**INSTRUCTIONS TO FOLLOW:**
Everything in the listing below should be repeated exactly, apart from the pictures.

==== MATERIAL PROVIDED

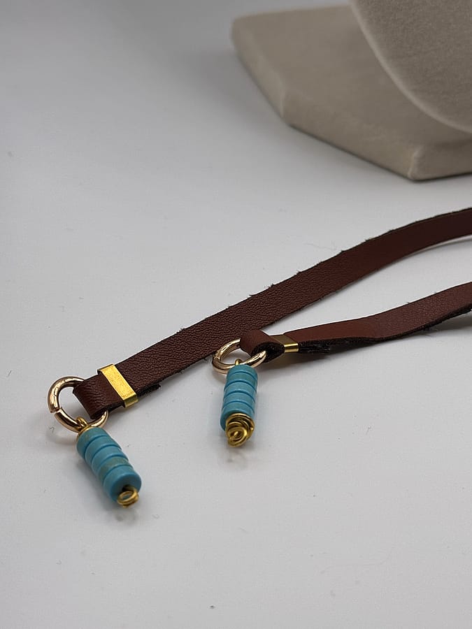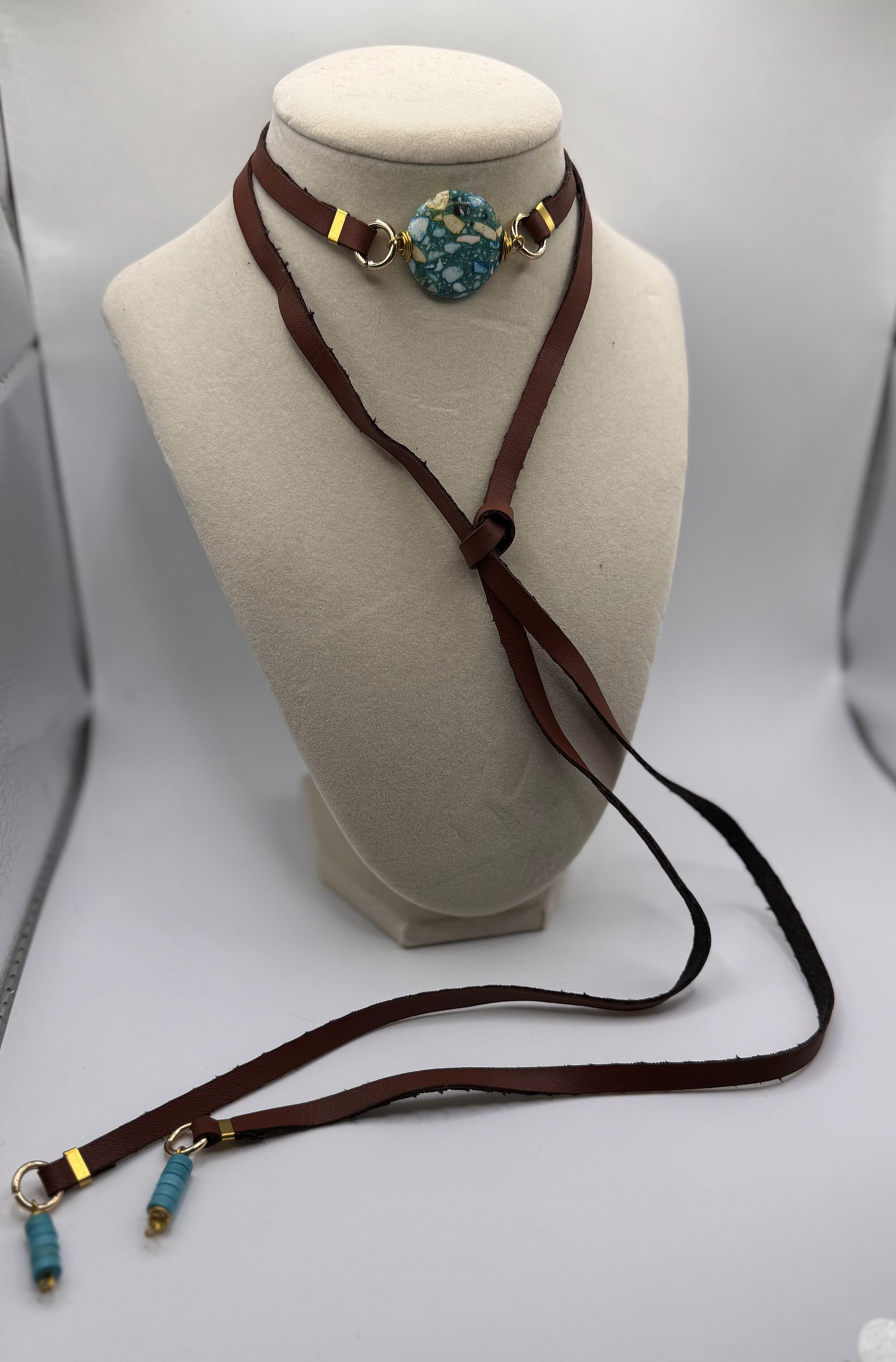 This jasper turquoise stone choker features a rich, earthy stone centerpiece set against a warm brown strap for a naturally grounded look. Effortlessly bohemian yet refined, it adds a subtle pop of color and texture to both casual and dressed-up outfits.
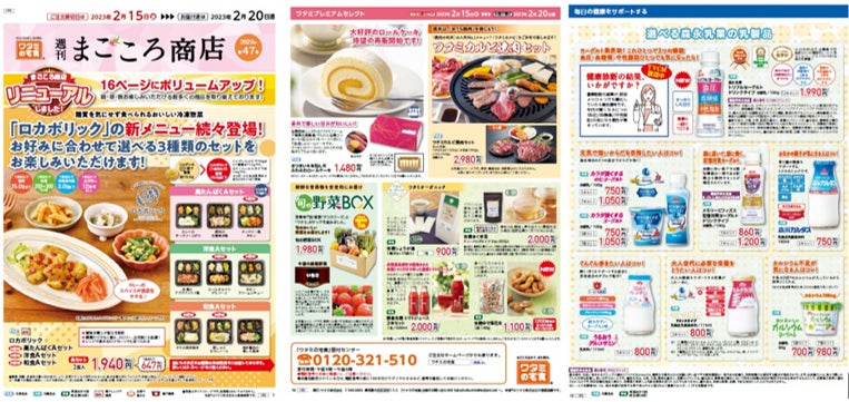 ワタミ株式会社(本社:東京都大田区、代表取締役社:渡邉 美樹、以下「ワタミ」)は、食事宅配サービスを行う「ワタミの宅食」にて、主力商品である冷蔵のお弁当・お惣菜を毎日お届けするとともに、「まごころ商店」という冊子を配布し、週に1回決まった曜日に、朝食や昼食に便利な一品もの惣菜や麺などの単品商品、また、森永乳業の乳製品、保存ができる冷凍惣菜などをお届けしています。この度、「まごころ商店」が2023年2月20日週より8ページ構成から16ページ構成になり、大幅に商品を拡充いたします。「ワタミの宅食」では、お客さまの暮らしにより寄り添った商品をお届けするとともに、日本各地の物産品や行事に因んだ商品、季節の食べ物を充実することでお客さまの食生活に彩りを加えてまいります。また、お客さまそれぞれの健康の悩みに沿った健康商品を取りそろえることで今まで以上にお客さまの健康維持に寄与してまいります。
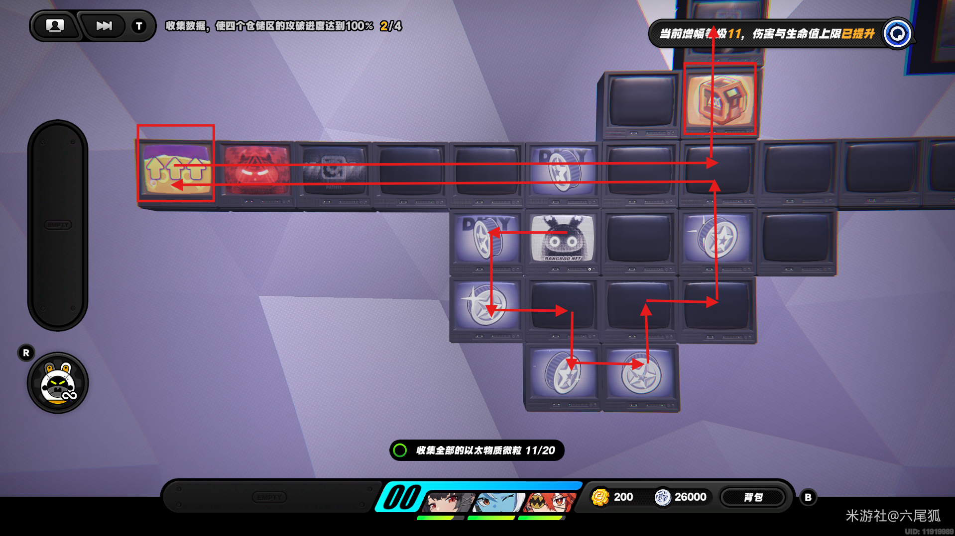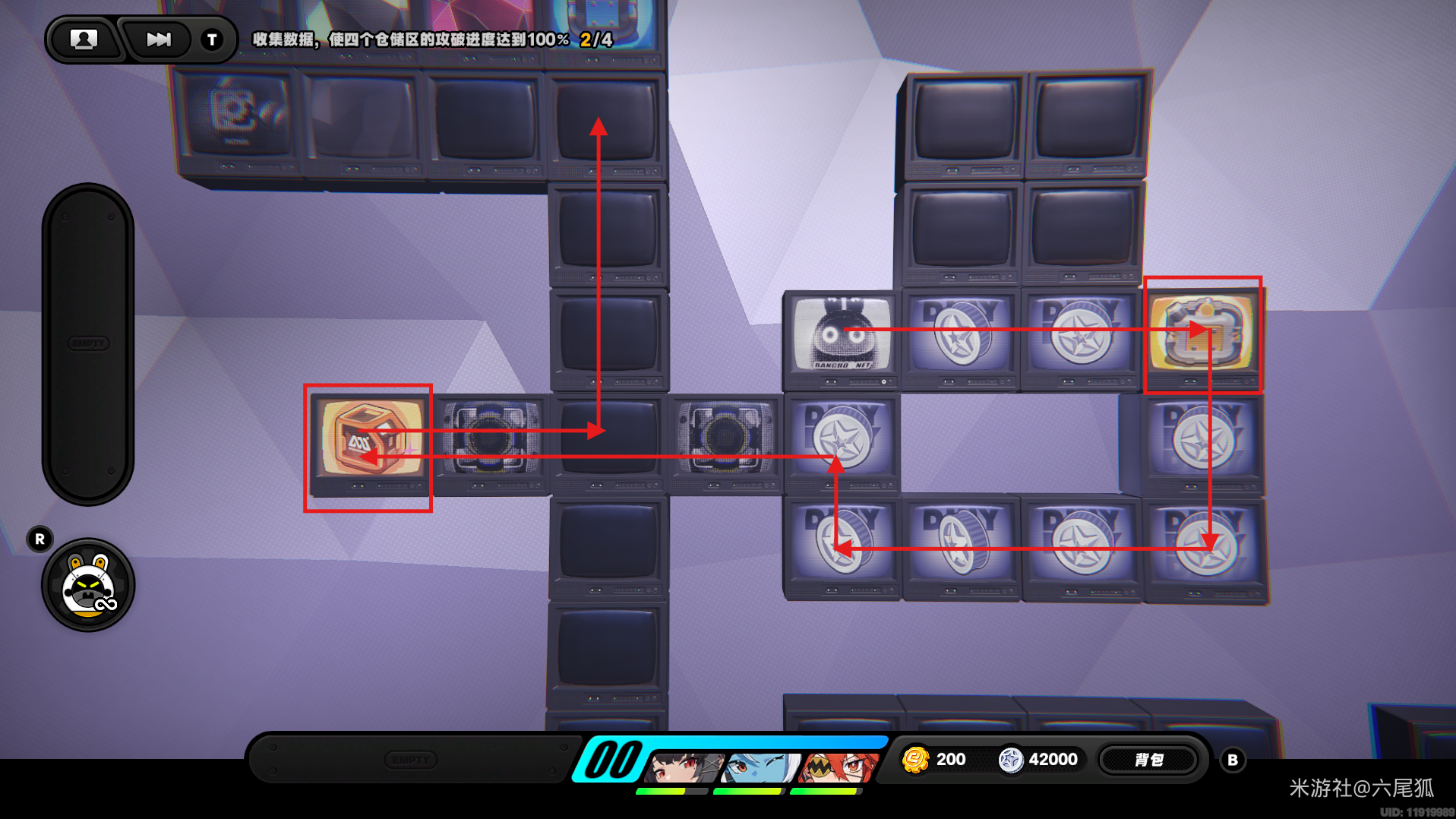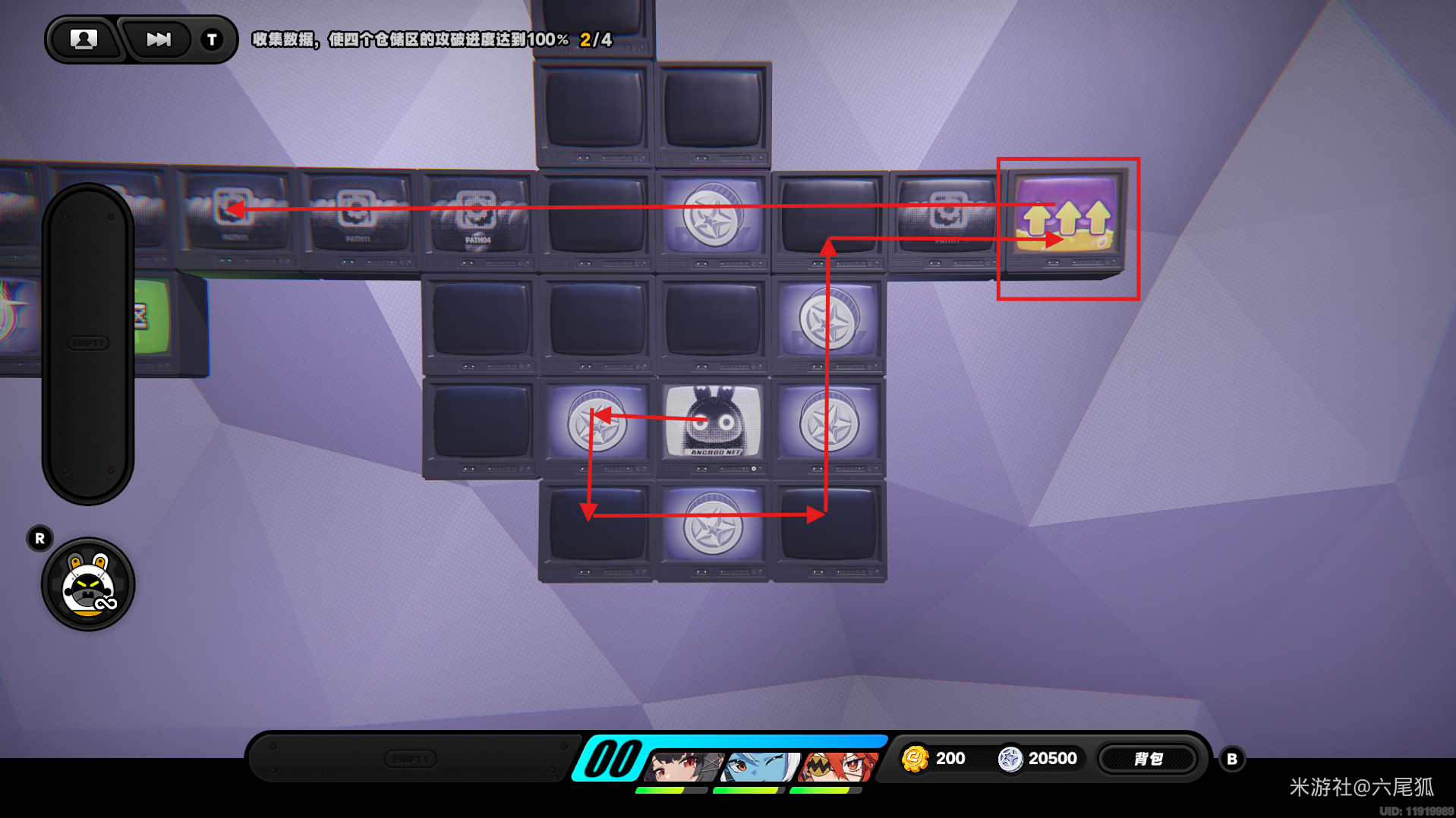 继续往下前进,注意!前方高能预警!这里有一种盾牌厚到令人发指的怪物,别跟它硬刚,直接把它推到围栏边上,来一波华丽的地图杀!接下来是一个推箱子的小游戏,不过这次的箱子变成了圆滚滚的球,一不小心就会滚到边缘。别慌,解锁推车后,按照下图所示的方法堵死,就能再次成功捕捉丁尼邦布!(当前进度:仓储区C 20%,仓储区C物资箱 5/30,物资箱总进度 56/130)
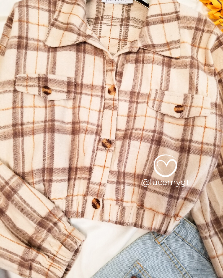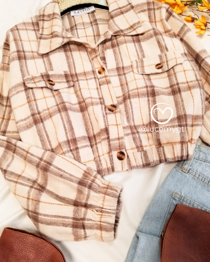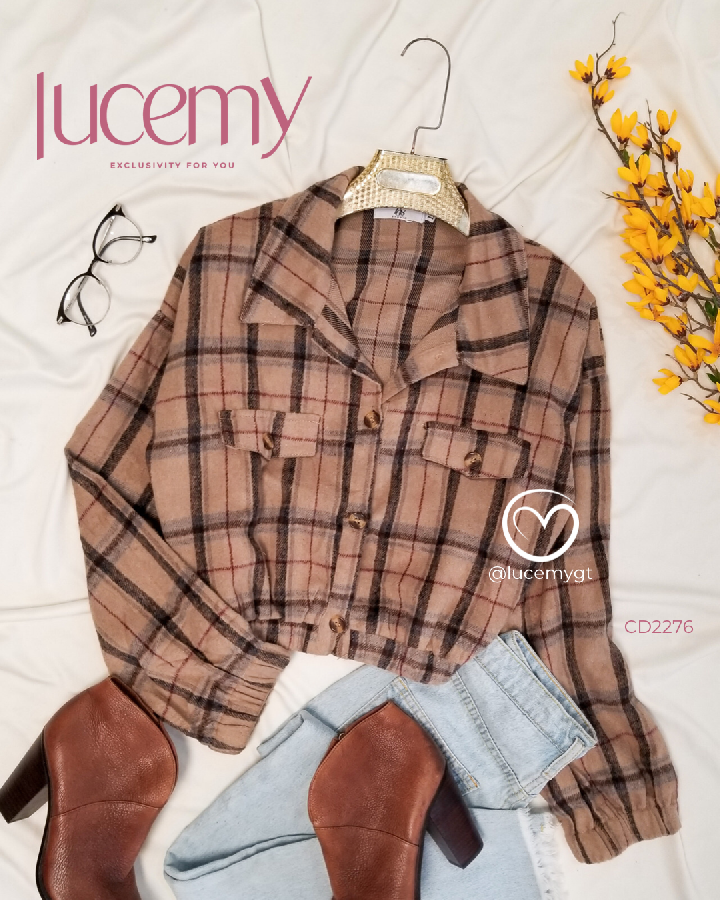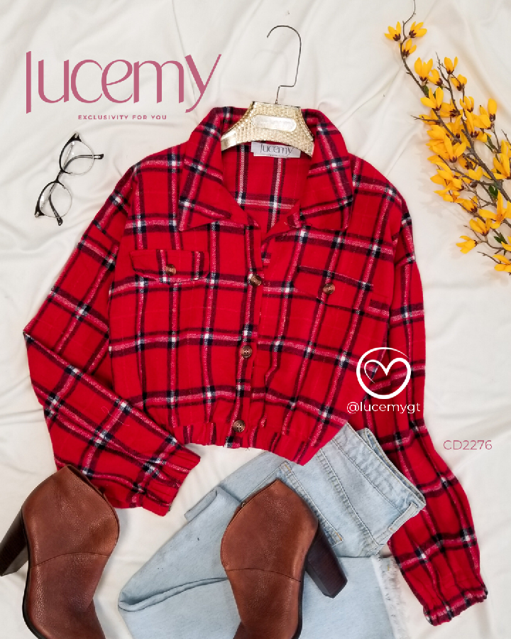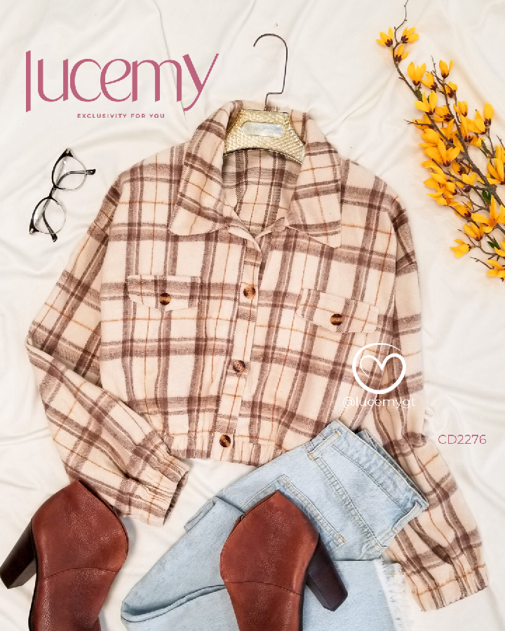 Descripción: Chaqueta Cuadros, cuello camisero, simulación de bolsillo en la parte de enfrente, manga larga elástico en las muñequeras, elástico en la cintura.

========

**ANSWER SECTION:**
 This jasper turquoise stone choker features a rich, earthy stone centerpiece set against a warm brown strap for a naturally grounded look. Effortlessly bohemian yet refined, it adds a subtle pop of color and texture to both casual and dressed-up outfits.
 ワタミ株式会社(本社:東京都大田区、代表取締役社:渡邉 美樹、以下「ワタミ」)は、食事宅配サービスを行う「ワタミの宅食」にて、主力商品である冷蔵のお弁当・お惣菜を毎日お届けするとともに、「まごころ商店」という冊子を配布し、週に1回決まった曜日に、朝食や昼食に便利な一品もの惣菜や麺などの単品商品、また、森永乳業の乳製品、保存ができる冷凍惣菜などをお届けしています。この度、「まごころ商店」が2023年2月20日週より8ページ構成から16ページ構成になり、大幅に商品を拡充いたします。「ワタミの宅食」では、お客さまの暮らしにより寄り添った商品をお届けするとともに、日本各地の物産品や行事に因んだ商品、季節の食べ物を充実することでお客さまの食生活に彩りを加えてまいります。また、お客さまそれぞれの健康の悩みに沿った健康商品を取りそろえることで今まで以上にお客さまの健康維持に寄与してまいります。
 继续往下前进,注意!前方高能预警!这里有一种盾牌厚到令人发指的怪物,别跟它硬刚,直接把它推到围栏边上,来一波华丽的地图杀!接下来是一个推箱子的小游戏,不过这次的箱子变成了圆滚滚的球,一不小心就会滚到边缘。别慌,解锁推车后,按照下图所示的方法堵死,就能再次成功捕捉丁尼邦布!(当前进度:仓储区C 20%,仓储区C物资箱 5/30,物资箱总进度 56/130)
 Descripción: Chaqueta Cuadros, cuello camisero, simulación de bolsillo en la parte de enfrente, manga larga elástico en las muñequeras, elástico en la cintura.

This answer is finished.